[Entries taken from a collection]
══════════
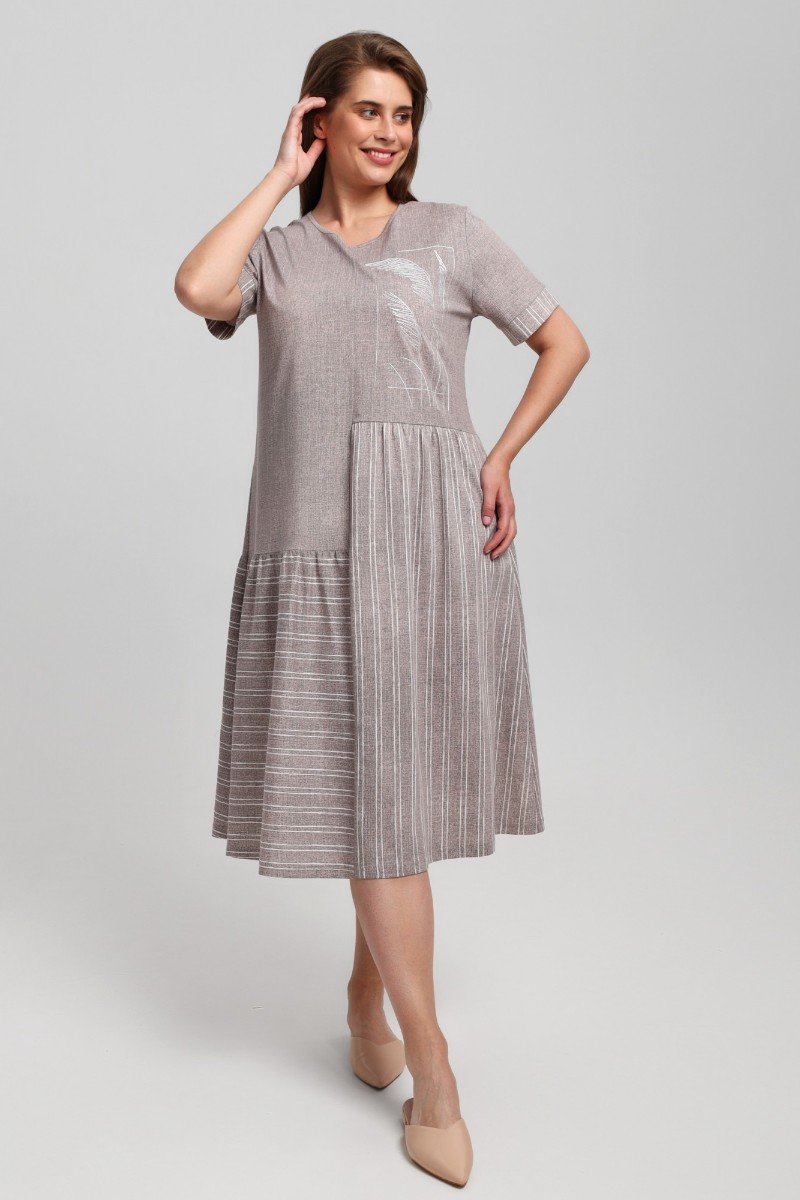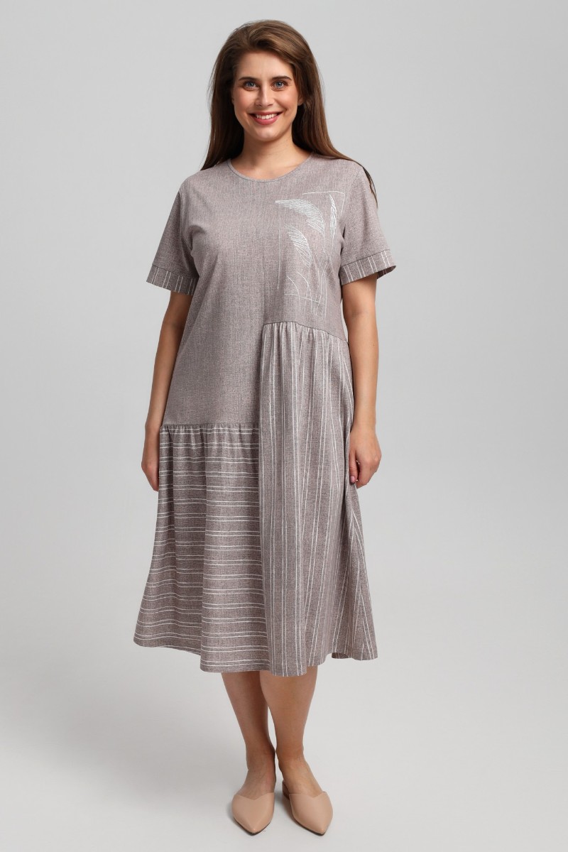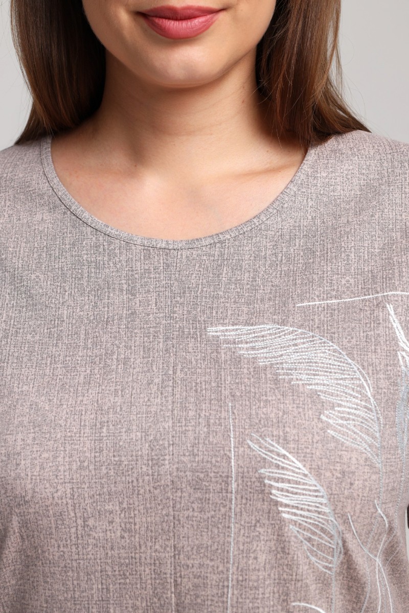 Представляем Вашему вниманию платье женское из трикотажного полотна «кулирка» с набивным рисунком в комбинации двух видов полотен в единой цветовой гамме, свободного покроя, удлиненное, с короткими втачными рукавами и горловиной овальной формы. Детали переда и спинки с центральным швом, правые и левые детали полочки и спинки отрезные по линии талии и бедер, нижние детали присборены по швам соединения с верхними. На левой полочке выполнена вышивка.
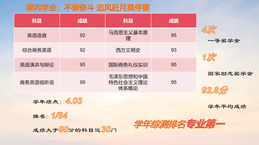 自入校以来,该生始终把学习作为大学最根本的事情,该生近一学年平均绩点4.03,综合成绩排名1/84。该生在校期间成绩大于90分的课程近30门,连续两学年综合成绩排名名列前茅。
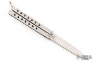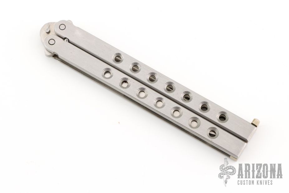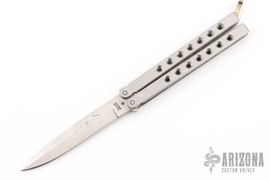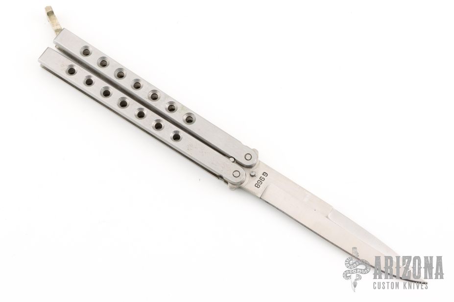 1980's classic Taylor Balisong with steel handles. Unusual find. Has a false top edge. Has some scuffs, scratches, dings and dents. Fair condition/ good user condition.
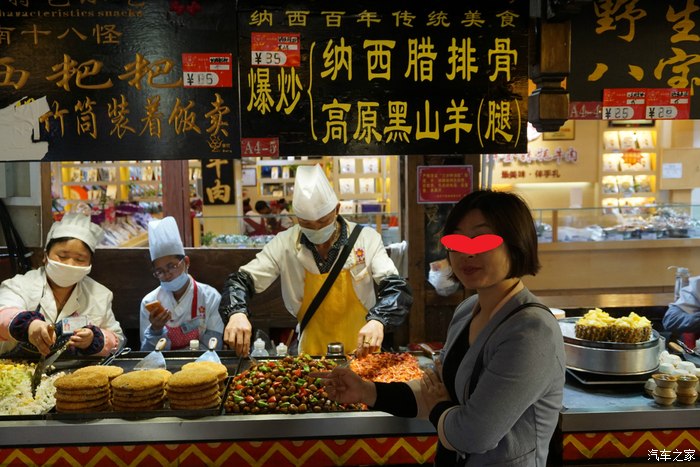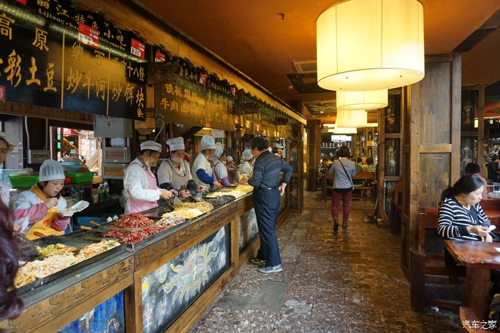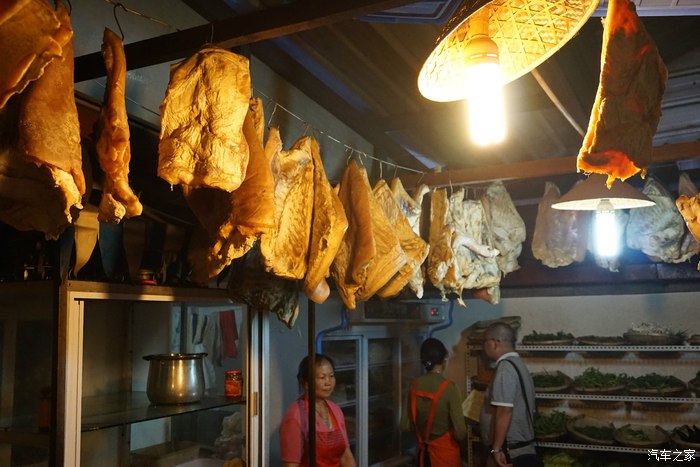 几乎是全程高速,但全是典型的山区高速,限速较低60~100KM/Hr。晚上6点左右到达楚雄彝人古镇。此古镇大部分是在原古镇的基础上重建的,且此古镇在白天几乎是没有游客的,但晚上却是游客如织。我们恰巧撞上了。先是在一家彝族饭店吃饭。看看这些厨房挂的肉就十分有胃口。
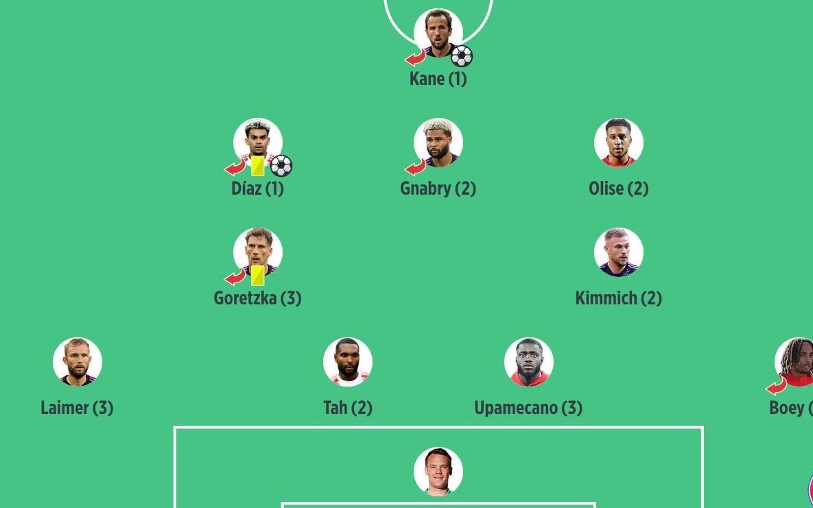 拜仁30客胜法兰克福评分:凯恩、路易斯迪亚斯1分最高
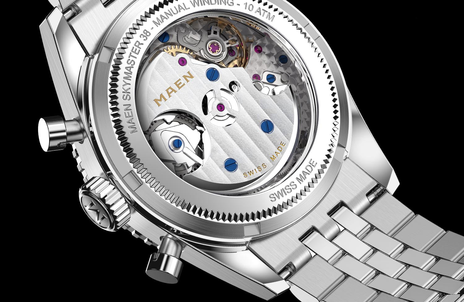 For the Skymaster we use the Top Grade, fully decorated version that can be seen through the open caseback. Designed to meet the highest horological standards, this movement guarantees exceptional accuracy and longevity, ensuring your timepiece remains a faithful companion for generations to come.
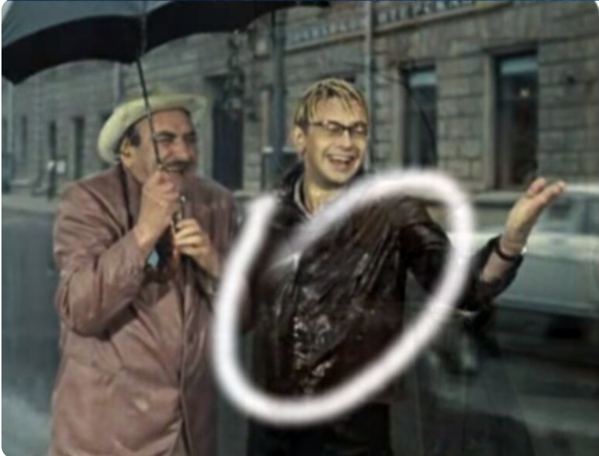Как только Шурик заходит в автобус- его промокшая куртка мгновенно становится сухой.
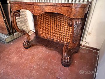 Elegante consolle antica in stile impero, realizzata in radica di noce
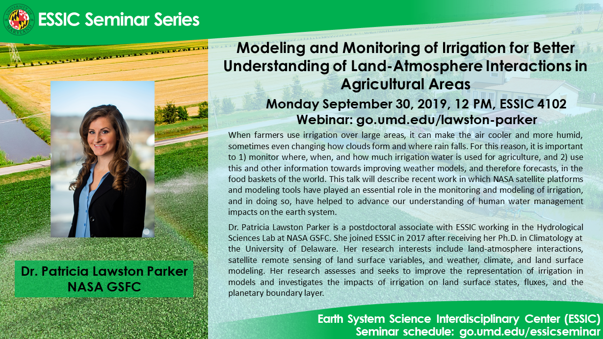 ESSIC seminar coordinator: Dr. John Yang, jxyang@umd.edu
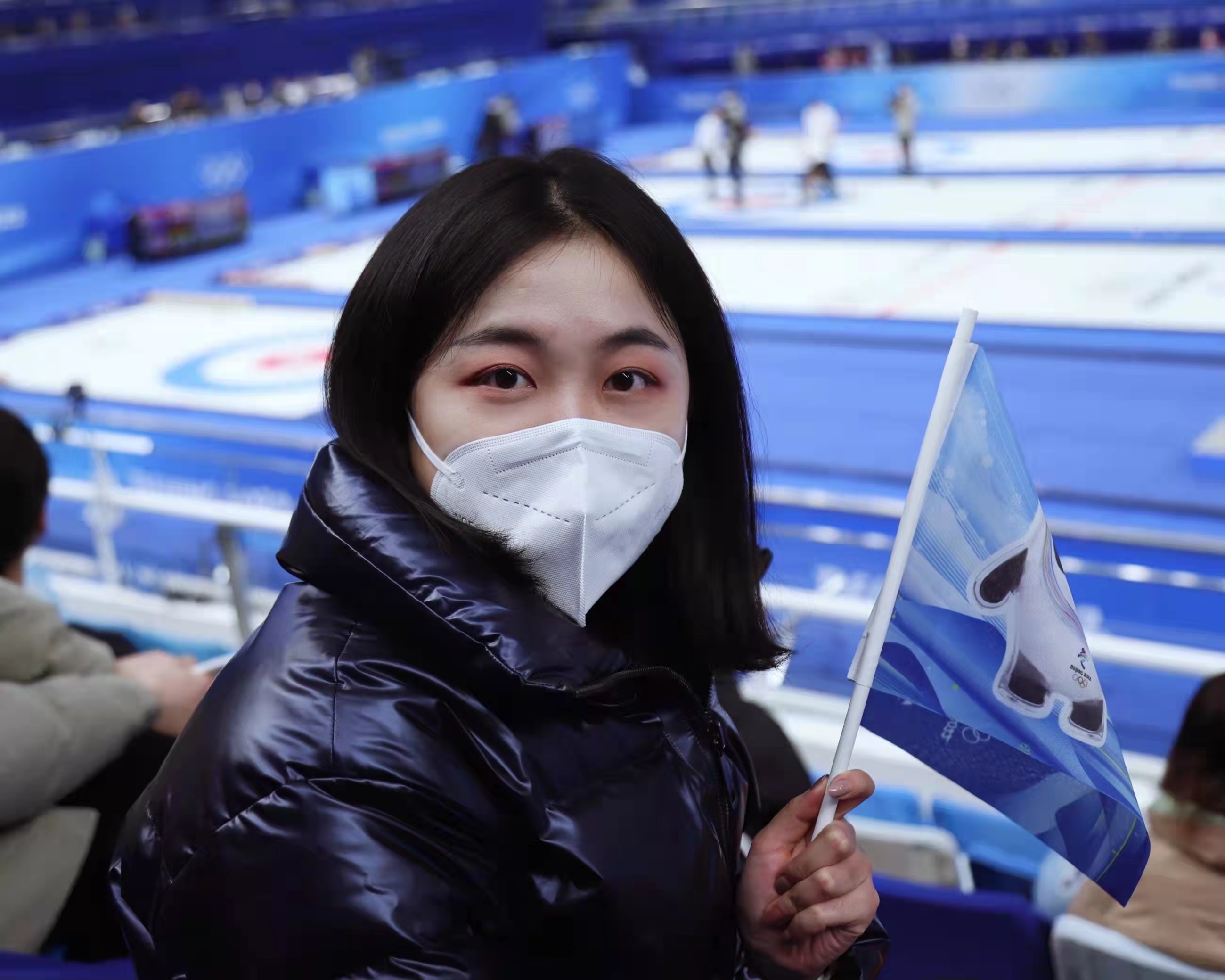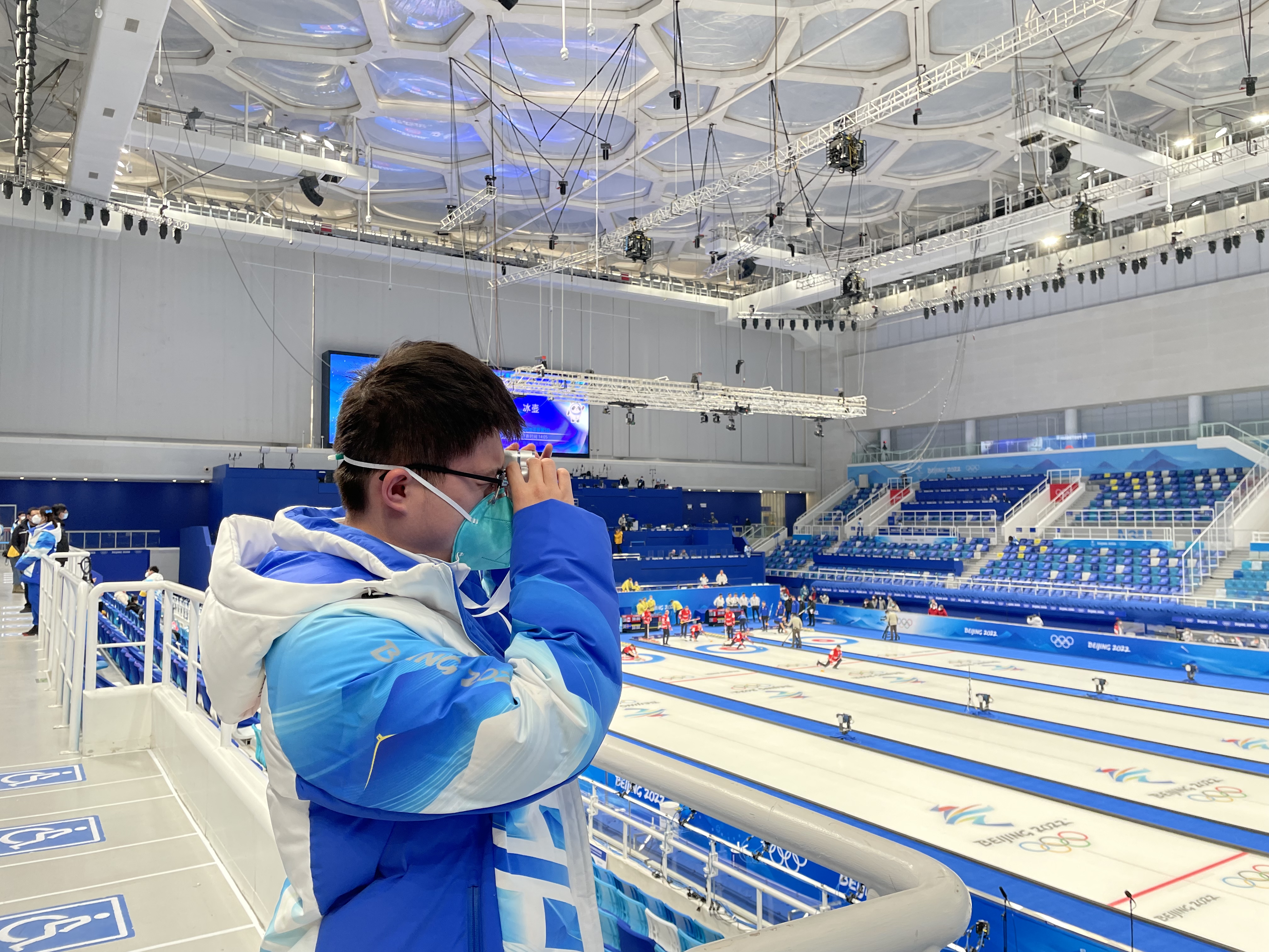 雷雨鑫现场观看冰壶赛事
══════════
Exercise:
Extract exactly the lines from the one containing "Как только Шурик" through the last line of the records above, both included, and leave out the pictures.

Exercise solution:
Как только Шурик заходит в автобус- его промокшая куртка мгновенно становится сухой.
 Elegante consolle antica in stile impero, realizzata in radica di noce
 ESSIC seminar coordinator: Dr. John Yang, jxyang@umd.edu
 雷雨鑫现场观看冰壶赛事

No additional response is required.